◆ Work instruction ◆
Transcribe every entry word for word. Skip the pictures.

◆ Material to process ◆

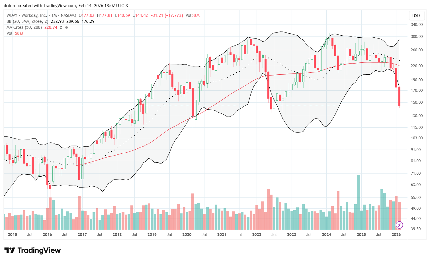 Trade commentary: WDAY has suffered a 32.8% year-to-date loss thanks to the AI Panic. Are traders and investors afraid a company will vibe code their way into a secure, regulatory-compliant HR platform? I eagerly await what WDAY has to say in its upcoming earnings report. Since WDAY started the year with a 7.8% post-earnings, I am bracing for a large post-earnings drawdown.
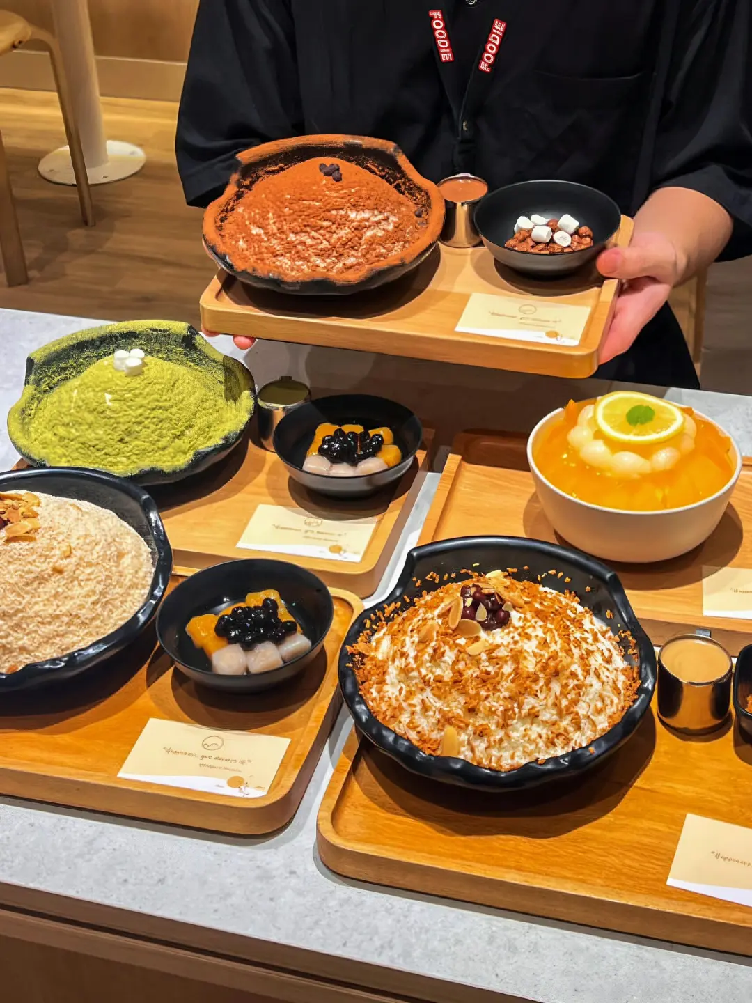店内提供6种不同口味的Bingsu,如烤黄豆乌龙、抹茶、芒果、红豆等,还有超多配料可以进行搭配,盲选豆粉、红豆、年糕,真的不会出错!天气热的时候来上一口很解渴!
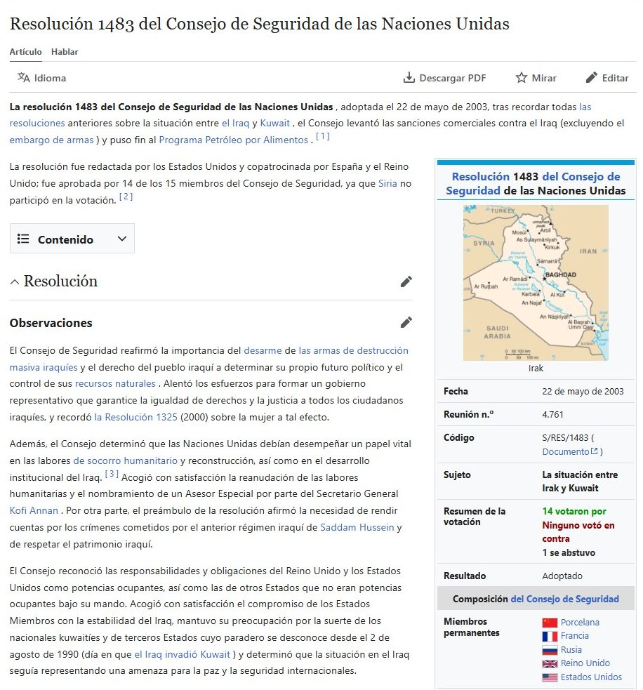 | 11 | Irak | Consejo de Seguridad de las Naciones Unidas | Resolución 1483 del Consejo de Seguridad de las Naciones Unidas | Resolución 1483 del Consejo de Seguridad de las Naciones Unidas |
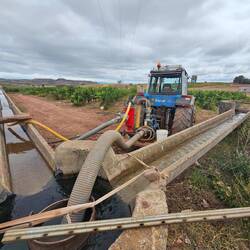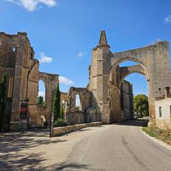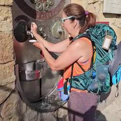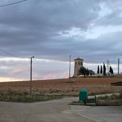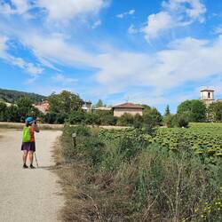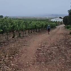 We mostly walked through vineyards today as the landscape is wine country. In a few spots it had a feel of Utah with red rock and desert plants. We came across several aqueduct irrigation systems for the vineyards. At one point they were using a tractors pto to run a pump. Had a scare when Teresa rolled her ankle and hit the ground. She's okay, but we'll see how the ankle is tomorrow.
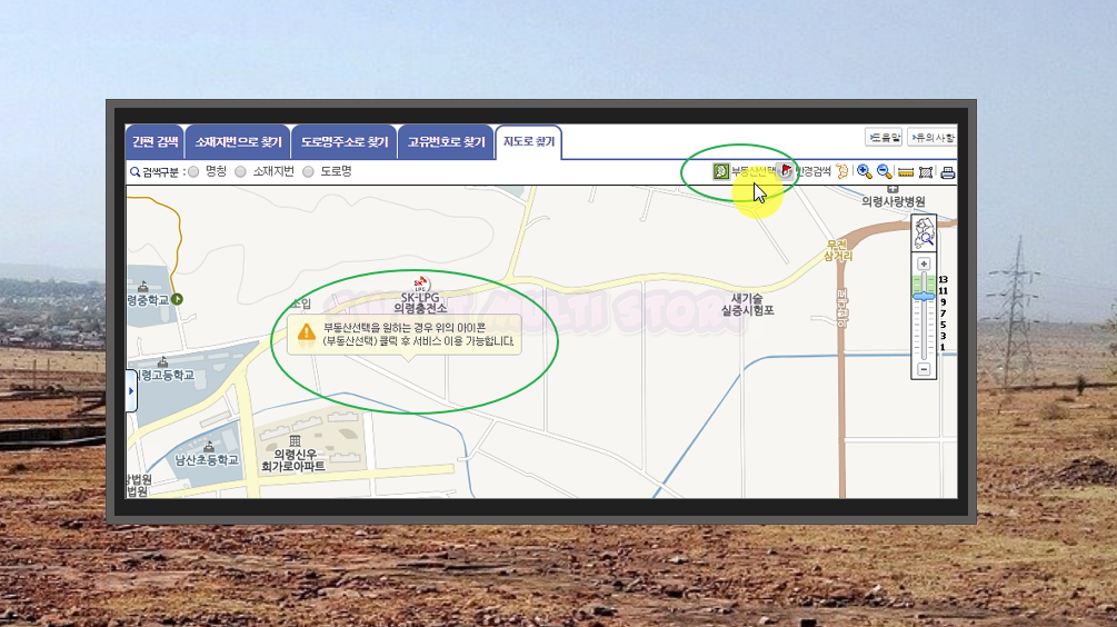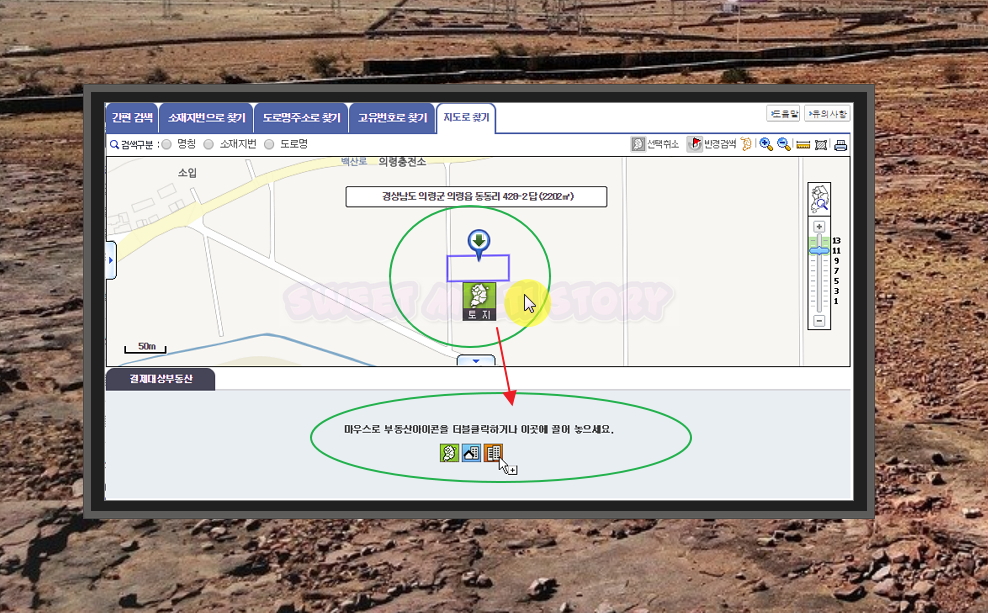 6. 토지 정보에 대한 확인이 필요한 지역을 클릭하면 해당 지역의 상세 주소가 나타나요. 마우스로 토지 아이콘을 더블 클릭하거나 하단 영역으로 드레그하여 아이콘을 옮겨 주세요.

◆ Your response ◆
 Trade commentary: WDAY has suffered a 32.8% year-to-date loss thanks to the AI Panic. Are traders and investors afraid a company will vibe code their way into a secure, regulatory-compliant HR platform? I eagerly await what WDAY has to say in its upcoming earnings report. Since WDAY started the year with a 7.8% post-earnings, I am bracing for a large post-earnings drawdown.
店内提供6种不同口味的Bingsu,如烤黄豆乌龙、抹茶、芒果、红豆等,还有超多配料可以进行搭配,盲选豆粉、红豆、年糕,真的不会出错!天气热的时候来上一口很解渴!
 | 11 | Irak | Consejo de Seguridad de las Naciones Unidas | Resolución 1483 del Consejo de Seguridad de las Naciones Unidas | Resolución 1483 del Consejo de Seguridad de las Naciones Unidas |
 We mostly walked through vineyards today as the landscape is wine country. In a few spots it had a feel of Utah with red rock and desert plants. We came across several aqueduct irrigation systems for the vineyards. At one point they were using a tractors pto to run a pump. Had a scare when Teresa rolled her ankle and hit the ground. She's okay, but we'll see how the ankle is tomorrow.
 6. 토지 정보에 대한 확인이 필요한 지역을 클릭하면 해당 지역의 상세 주소가 나타나요. 마우스로 토지 아이콘을 더블 클릭하거나 하단 영역으로 드레그하여 아이콘을 옮겨 주세요.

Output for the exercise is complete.